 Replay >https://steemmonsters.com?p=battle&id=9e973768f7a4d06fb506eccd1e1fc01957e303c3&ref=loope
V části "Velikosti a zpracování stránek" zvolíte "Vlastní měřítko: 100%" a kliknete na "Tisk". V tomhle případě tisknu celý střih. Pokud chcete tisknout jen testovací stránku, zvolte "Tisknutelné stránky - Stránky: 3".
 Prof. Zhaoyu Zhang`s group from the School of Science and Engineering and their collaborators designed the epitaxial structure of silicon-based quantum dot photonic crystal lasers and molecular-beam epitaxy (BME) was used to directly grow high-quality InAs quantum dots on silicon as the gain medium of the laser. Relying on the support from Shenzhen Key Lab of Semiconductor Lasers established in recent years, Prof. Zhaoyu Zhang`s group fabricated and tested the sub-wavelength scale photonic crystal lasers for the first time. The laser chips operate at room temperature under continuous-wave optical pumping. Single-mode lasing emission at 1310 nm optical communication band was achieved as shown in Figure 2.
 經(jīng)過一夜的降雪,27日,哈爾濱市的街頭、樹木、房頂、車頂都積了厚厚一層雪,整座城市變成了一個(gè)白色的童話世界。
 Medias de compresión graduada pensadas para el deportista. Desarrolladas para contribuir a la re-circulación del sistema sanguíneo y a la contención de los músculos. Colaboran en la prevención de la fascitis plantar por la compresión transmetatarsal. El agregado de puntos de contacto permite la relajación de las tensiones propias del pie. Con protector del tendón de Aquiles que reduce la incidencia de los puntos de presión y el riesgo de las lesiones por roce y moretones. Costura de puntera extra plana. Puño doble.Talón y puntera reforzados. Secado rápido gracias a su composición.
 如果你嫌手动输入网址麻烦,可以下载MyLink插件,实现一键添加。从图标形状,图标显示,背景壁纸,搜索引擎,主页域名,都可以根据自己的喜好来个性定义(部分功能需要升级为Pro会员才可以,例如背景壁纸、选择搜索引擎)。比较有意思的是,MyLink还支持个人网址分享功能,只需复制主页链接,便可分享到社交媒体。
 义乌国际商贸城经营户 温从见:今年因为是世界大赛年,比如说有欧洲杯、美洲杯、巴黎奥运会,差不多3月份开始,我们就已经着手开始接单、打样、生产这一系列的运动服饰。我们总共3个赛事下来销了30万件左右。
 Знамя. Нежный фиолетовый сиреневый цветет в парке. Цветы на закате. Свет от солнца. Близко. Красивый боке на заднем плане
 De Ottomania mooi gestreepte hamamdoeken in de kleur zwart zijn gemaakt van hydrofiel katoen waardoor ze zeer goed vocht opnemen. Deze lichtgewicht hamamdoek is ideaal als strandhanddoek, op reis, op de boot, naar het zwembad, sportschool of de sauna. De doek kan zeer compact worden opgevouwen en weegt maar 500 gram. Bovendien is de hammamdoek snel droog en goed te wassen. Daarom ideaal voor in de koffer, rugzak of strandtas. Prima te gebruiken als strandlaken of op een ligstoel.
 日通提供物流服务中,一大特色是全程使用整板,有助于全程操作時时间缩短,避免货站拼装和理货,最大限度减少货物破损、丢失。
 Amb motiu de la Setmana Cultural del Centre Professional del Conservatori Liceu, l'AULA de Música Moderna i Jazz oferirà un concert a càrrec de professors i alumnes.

────────────────────

EXERCISE INSTRUCTIONS – Please set down each entry again, word for word.

TASK OUTPUT –
 Replay >https://steemmonsters.com?p=battle&id=9e973768f7a4d06fb506eccd1e1fc01957e303c3&ref=loope
V části "Velikosti a zpracování stránek" zvolíte "Vlastní měřítko: 100%" a kliknete na "Tisk". V tomhle případě tisknu celý střih. Pokud chcete tisknout jen testovací stránku, zvolte "Tisknutelné stránky - Stránky: 3".
 Prof. Zhaoyu Zhang`s group from the School of Science and Engineering and their collaborators designed the epitaxial structure of silicon-based quantum dot photonic crystal lasers and molecular-beam epitaxy (BME) was used to directly grow high-quality InAs quantum dots on silicon as the gain medium of the laser. Relying on the support from Shenzhen Key Lab of Semiconductor Lasers established in recent years, Prof. Zhaoyu Zhang`s group fabricated and tested the sub-wavelength scale photonic crystal lasers for the first time. The laser chips operate at room temperature under continuous-wave optical pumping. Single-mode lasing emission at 1310 nm optical communication band was achieved as shown in Figure 2.
 經(jīng)過一夜的降雪,27日,哈爾濱市的街頭、樹木、房頂、車頂都積了厚厚一層雪,整座城市變成了一個(gè)白色的童話世界。
 Medias de compresión graduada pensadas para el deportista. Desarrolladas para contribuir a la re-circulación del sistema sanguíneo y a la contención de los músculos. Colaboran en la prevención de la fascitis plantar por la compresión transmetatarsal. El agregado de puntos de contacto permite la relajación de las tensiones propias del pie. Con protector del tendón de Aquiles que reduce la incidencia de los puntos de presión y el riesgo de las lesiones por roce y moretones. Costura de puntera extra plana. Puño doble.Talón y puntera reforzados. Secado rápido gracias a su composición.
 如果你嫌手动输入网址麻烦,可以下载MyLink插件,实现一键添加。从图标形状,图标显示,背景壁纸,搜索引擎,主页域名,都可以根据自己的喜好来个性定义(部分功能需要升级为Pro会员才可以,例如背景壁纸、选择搜索引擎)。比较有意思的是,MyLink还支持个人网址分享功能,只需复制主页链接,便可分享到社交媒体。
 义乌国际商贸城经营户 温从见:今年因为是世界大赛年,比如说有欧洲杯、美洲杯、巴黎奥运会,差不多3月份开始,我们就已经着手开始接单、打样、生产这一系列的运动服饰。我们总共3个赛事下来销了30万件左右。
 Знамя. Нежный фиолетовый сиреневый цветет в парке. Цветы на закате. Свет от солнца. Близко. Красивый боке на заднем плане
 De Ottomania mooi gestreepte hamamdoeken in de kleur zwart zijn gemaakt van hydrofiel katoen waardoor ze zeer goed vocht opnemen. Deze lichtgewicht hamamdoek is ideaal als strandhanddoek, op reis, op de boot, naar het zwembad, sportschool of de sauna. De doek kan zeer compact worden opgevouwen en weegt maar 500 gram. Bovendien is de hammamdoek snel droog en goed te wassen. Daarom ideaal voor in de koffer, rugzak of strandtas. Prima te gebruiken als strandlaken of op een ligstoel.
 日通提供物流服务中,一大特色是全程使用整板,有助于全程操作時时间缩短,避免货站拼装和理货,最大限度减少货物破损、丢失。
 Amb motiu de la Setmana Cultural del Centre Professional del Conservatori Liceu, l'AULA de Música Moderna i Jazz oferirà un concert a càrrec de professors i alumnes.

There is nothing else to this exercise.